Eddie Redmayne’s still fine but his stammering befuddlement is notably accentuated, making for even more annoying scenes of awkward social interaction. Katherine Waterston is trying her best through middling material, as is Alison Sudol who’s particularly hard-done by a script that gives her the worst, arguably most bizarre character arc of the film. And Dan Fogler is still great as the best and most compelling character, though with far less of a role than he had before. However Callum Turner falls largely into the background as Newt’s brother -a troubled relationship that a smarter movie would have taken advantage of. Ezra Miller is no better here than he was in the first Fantastic Beasts, still just sauntering around bluntly. The best performance comes from Jude Law, who nicely captures Dumbledore’s personality and prestige. But of course the elephant in the room of this cast is Johnny Depp. Putting aside the indiscretions that make his very presence uncomfortable, he plays the title villain with way more effort than he gave the last Pirates film, but doesn’t colour him with enough character to justify replacing Colin Farrell.

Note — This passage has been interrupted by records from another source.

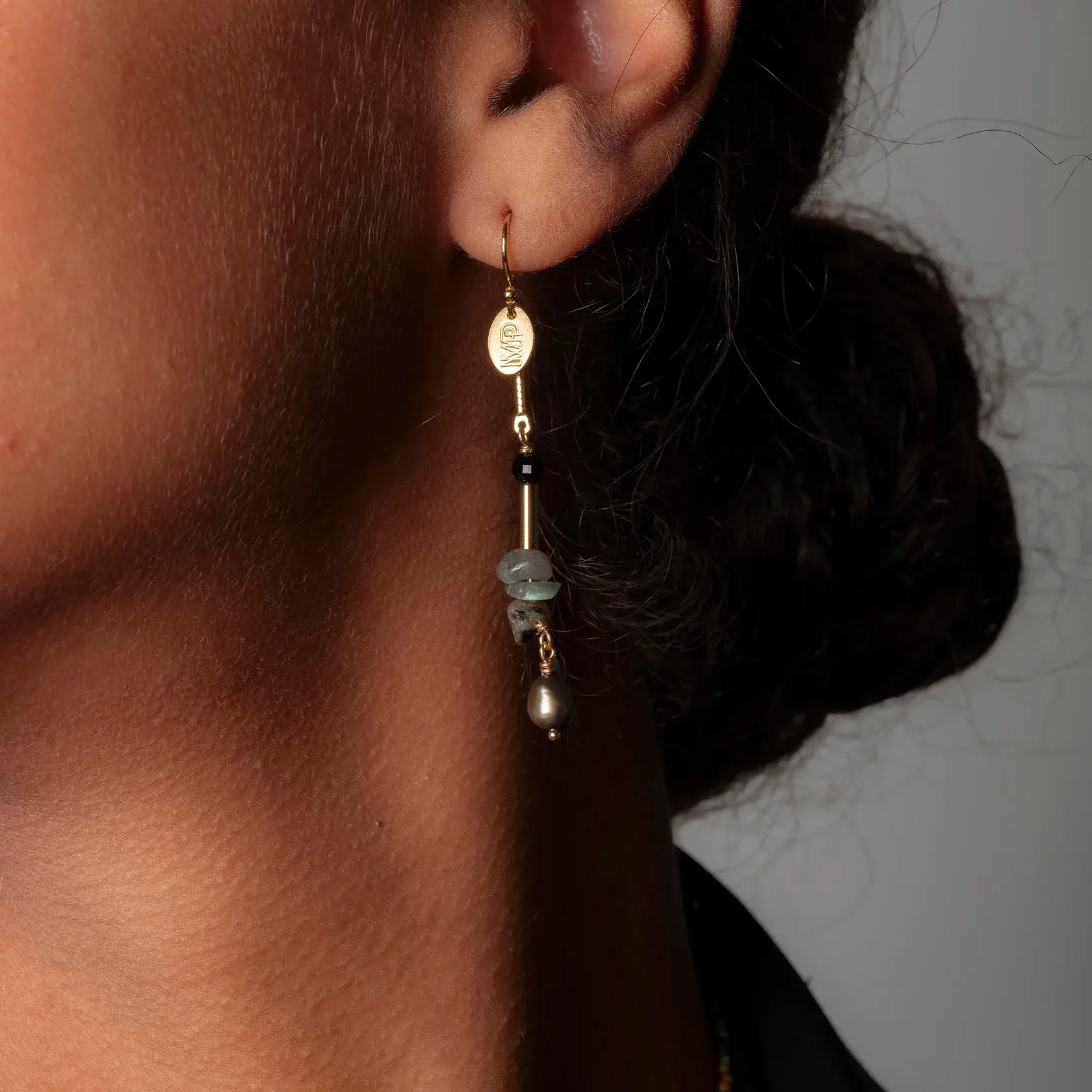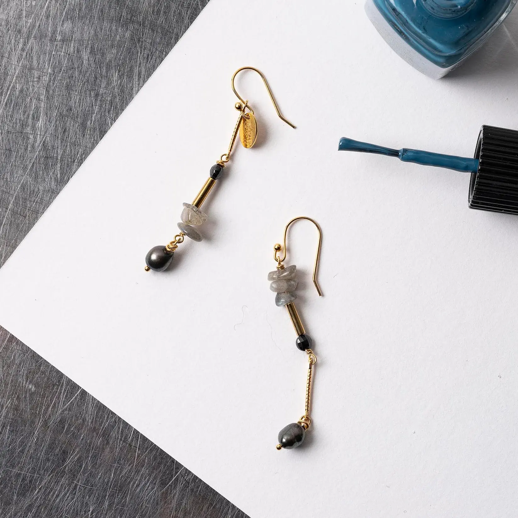 Dit paar asymmetrische oorringen in verguld staal heeft als accent de edelstenen onyx en labradoriet. De oorhangers in grijs en zwart zijn 6,5 cm lang.
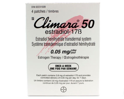 Climara Patch (Generic name: Estradiol Patch) is an estrogen replacement therapy used for the symptoms associated with menopause (e.g., hot flashes, night sweating, vaginal dryness, etc.), prevention of bone fractures associated with osteoporosis, reduction of the risk of heart attacks and strokes, and dysfunctional (excessive and painful) uterine bleeding. Use Climara Patch exactly as it was prescribed for you.
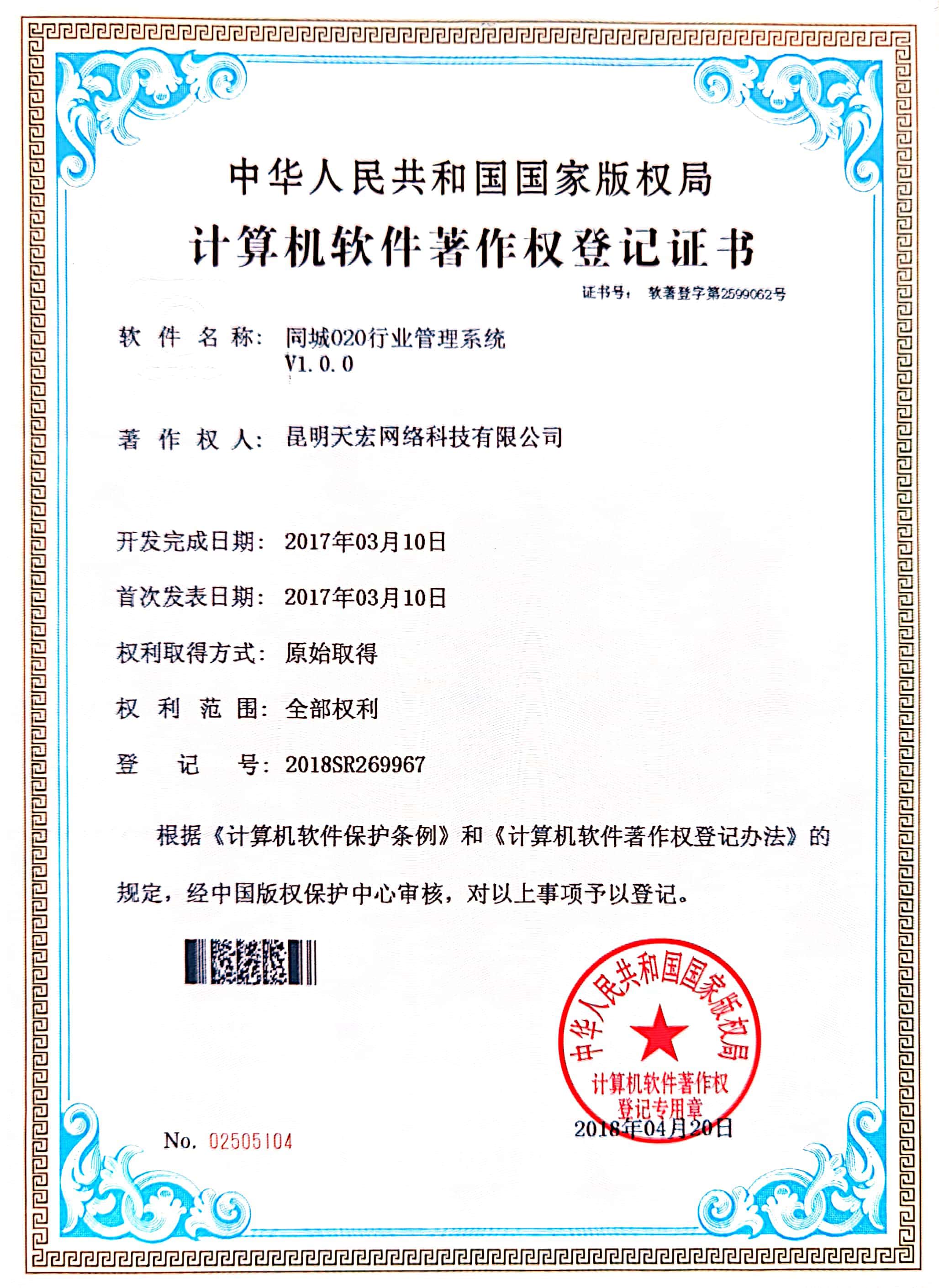 天宏網(wǎng)絡(luò)通過不斷的研發(fā)創(chuàng)新,現(xiàn)擁有50多項(xiàng)計(jì)算機(jī)軟著證書,包括多商家點(diǎn)餐系統(tǒng)、門店收銀管理系統(tǒng)、通用OA協(xié)同辦公管理系統(tǒng)、智慧商圈運(yùn)營管理平臺(tái)、天宏健康智慧+系統(tǒng)、同城O2O管理系統(tǒng)等。
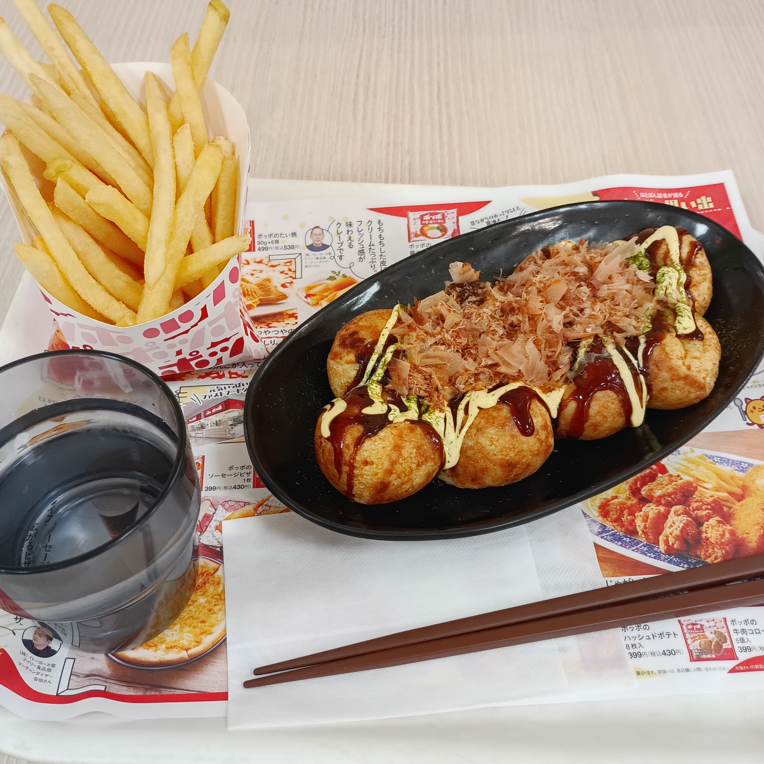 たこ焼き、ポテト、焼きそば、ラーメン
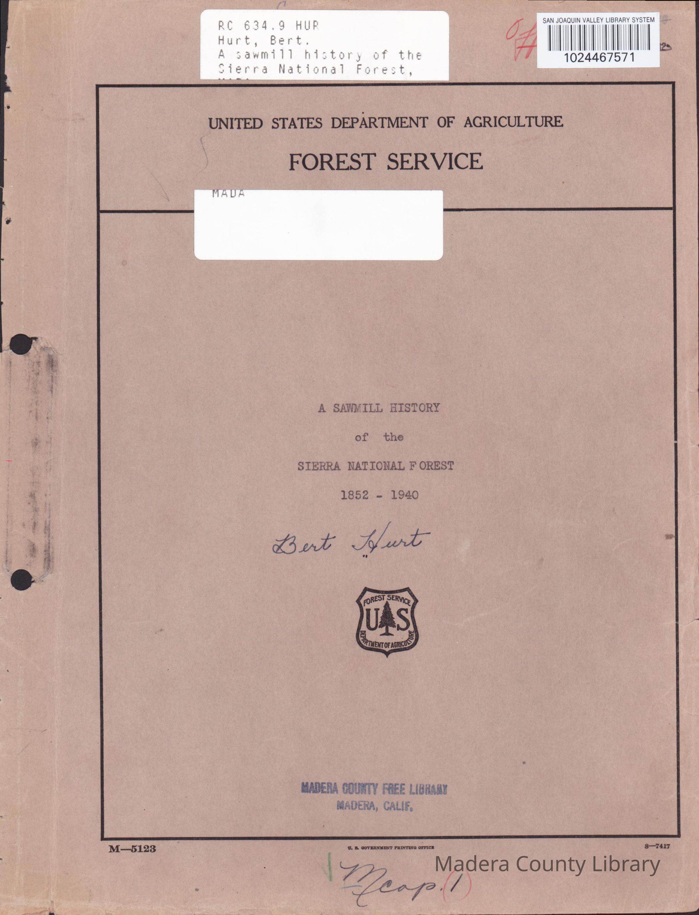 A Sawmill History of the Sierra National Forest, 1852-1940Entry/Object ID
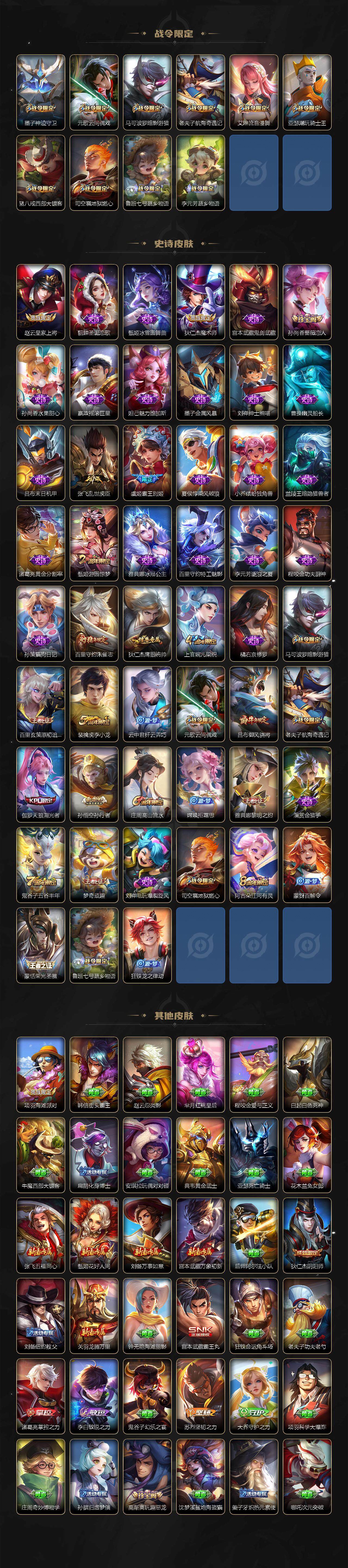 【限定皮肤】:狄仁杰阴阳师,赵云皇家上将,墨子神迹守卫,孙尚香蔷薇恋人,鲁班七号寅虎瑞焰,庄周高山流水,高渐离玩趣恶龙,吕布御风骁将,元歌云间偶戏,甄姬游园惊梦,马可波罗暗影游猎,狄仁杰魔术师,狄仁杰万华元
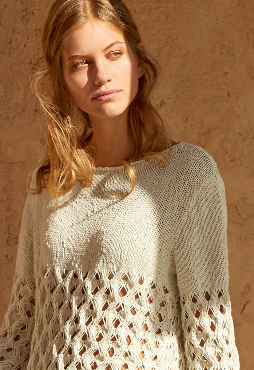 Lana Grossa-Qualität „Bottone” (94 % Baumwolle, 6 % Polyamid, LL = ca. 120 m/50 g): ca. 500 (550) g Zartgrün (Fb. 5); Stricknadeln Nr. 5 und 5,5, 1 Rundstricknadel Nr. 5, 60 cm lang.
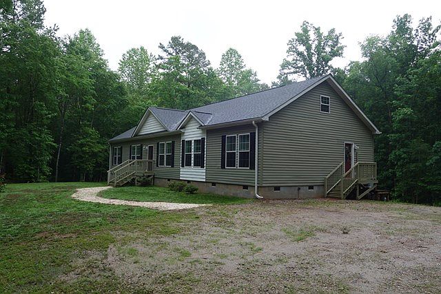 A Hunter's Haven, privacy of 20 acres with upscaled spacious modular with unfinished second floor for expansion. Family room opens to the kitchen that offers serving counter, lots of cabinets, pantry, desk area & equipped with major appliances; a breakfast area that joins the formal open dining room and sliding door to back deck, a split 4 bedroom floor plan with large closets; 2 baths; off the family room is the master suite with walk-in closet, bath with garden tub, separate shower, double sink vanity & linen cabinet; a spacious laundry room. You will enjoy relaxing on the back deck overlooking the wooded area. Located 20 minutes to Lake Gaston and to Kerr Lake. Home warranty.
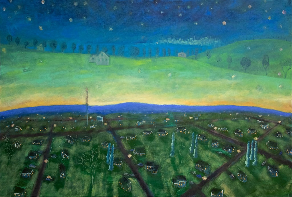 Bachelard’s assertion that “something closed” retains those memories is apparent in walls and fences of many paintings, or in the way a memory floats apart from the terrestrial reality of the neighborhoods Benfey depicts. The walls resemble the tall concrete barriers that run alongside highways, isolating and insulating suburban life from the rushing to and fro of commuters, commerce and travelers. Inside the wall life stands still. “Neighborhood, Edge of the Visible,” “House, Edge of the Visible,” “Winter Candle House” and “Purple Neighborhood with Decoration” all have this sense of boundary that forms the container of memory.
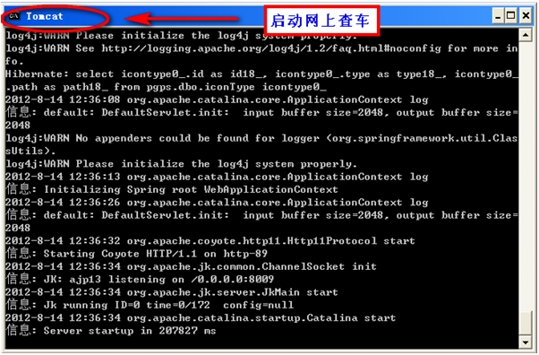 “启动Tomcat网上查车”界面
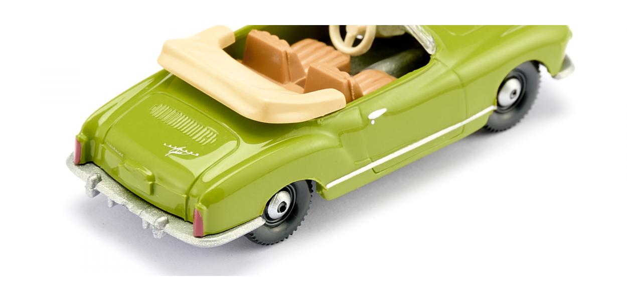 Nun kommt es endlich – das VW Karmann Ghia Cabriolet. Immer wieder hatte es zu Lebzeiten des WIKING-Gründers briefliche Sammlerwünsche gegeben, die aus dem Karmann Ghia gern ein Duo gemacht hätten. Selbst der Modellentwurf des eigenen Werkzeugbauers Gruttke konnte Fritz Peltzer nicht erweichen. Jetzt hat WIKING die Karosserie umgearbeitet – entstanden ist aus historischen Formen ein wirklicher Klassiker mit der WIKING-Handschrift von Modellbaumeister Alfred Kedzierski. Alles im Stil jener Produktionsjahre. Der Karmann Ghia zählt als Coupé und Cabrio gleichermaßen zu den elegantesten Klassikern der deutschen Automobilgeschichte. Es verbindet italienisches Design mit deutscher Großserientechnik und wurde zu einer Stil-Ikone der Nachkriegszeit. Die Idee war rasch mit der Karosseriekreation der sportlichen Eleganz auf Käfer-Basis umschrieben. 1953 war es zur entscheidenden Zusammenarbeit mit der italienischen Carrozzeria Ghia in Turin gekommen. Unter maßgeblicher Beteiligung von Luigi Segre entstand ein Prototyp, der Käfer-Technik mit einer außergewöhnlich eleganten Karosserie verband. Der Karmann Ghia Typ 14 wurde 1955 zunächst als Coupé vorgestellt, zwei Jahre später folgte das Cabriolet, das sich schnell großer Beliebtheit erfreute.
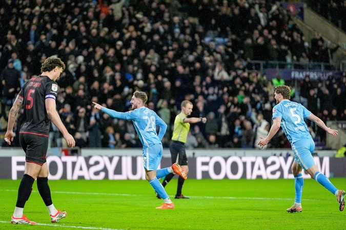 Josh Eccles of Coventry City celebrates his team's goal to make it 1-0 as the Referee Andrew Kitchen looks at his goal line decision system to award the goal during the Sky Bet Championship match Coventry City vs Millwall at Coventry Building Society Arena, Coventry, United Kingdom, 20th January 2026, Credit:Maynard Manyowa/News Images / Avalon
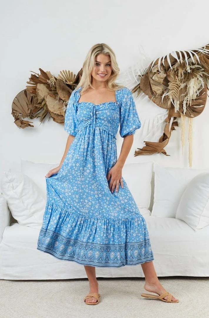 We’re always keen for a bold floral style! Wear Your ‘Dua Maxi Dress’ By Iris Maxi Label with heeled sandals and a straw bag all season long. Pairing a beautiful boho floral print, choose to wear on or off the shoulder neckline and a gorgeous small Hi-Low hemline, we are in Love!
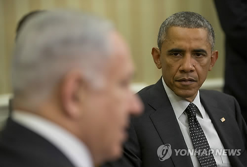 | △ (AP=연합뉴스) 지난해 10월1일 백악관에서 있었던 미-이스라엘 정상회담에서 네타냐후 총리를 바라보고 있는 오바마 대통령. |

Grindelwald is of course an allegorical figure, intended to stand in for a number of past (and present) dangerous ideologues and their recruitment tactics and rhetoric. But while this and other social commentary and political allusions are made clear, there are likewise really troublesome themes to this movie Rowling didn’t think through. The infamous Nagini reveal, which is explained very pointedly and thoroughly in the movie, is still stupid and pointless, even without its quasi-racist connotations given what we know becomes of that character. A love spell is once again irresponsibly treated as a joke in the context of a movie that elsewhere equates it directly with sexual abuse. And there’s a reference to World War II in this movie that’s at best astonishingly incongruent, at worst grossly tone-deaf.
And atop everything else, this film isn’t well-structured. The pacing’s abysmal and one dramatic confrontation scene is interrupted by not one, but two expository backstories, the former reaching a conclusion just for the latter to debunk it, adding nothing constructive. Even some of the editing is sloppy and the creatures still look awful.
This film isn’t at all about the crimes of Grindelwald or fantastic beasts, and as such the title makes perfect sense for such a confused wreck. If Rowling wants to tell a story about Grindelwald’s rise to power, she should just tell a coherent story that doesn’t feel like she’s making it up as she goes along, and without having to muddy it with irrelevant world building and cramming in characters who have nothing to do with this greater conflict. And she should do it novel form, because amidst the strangeness of this movie there is creativity. But it’s creativity nigh impossible to appreciate among all the incompetence.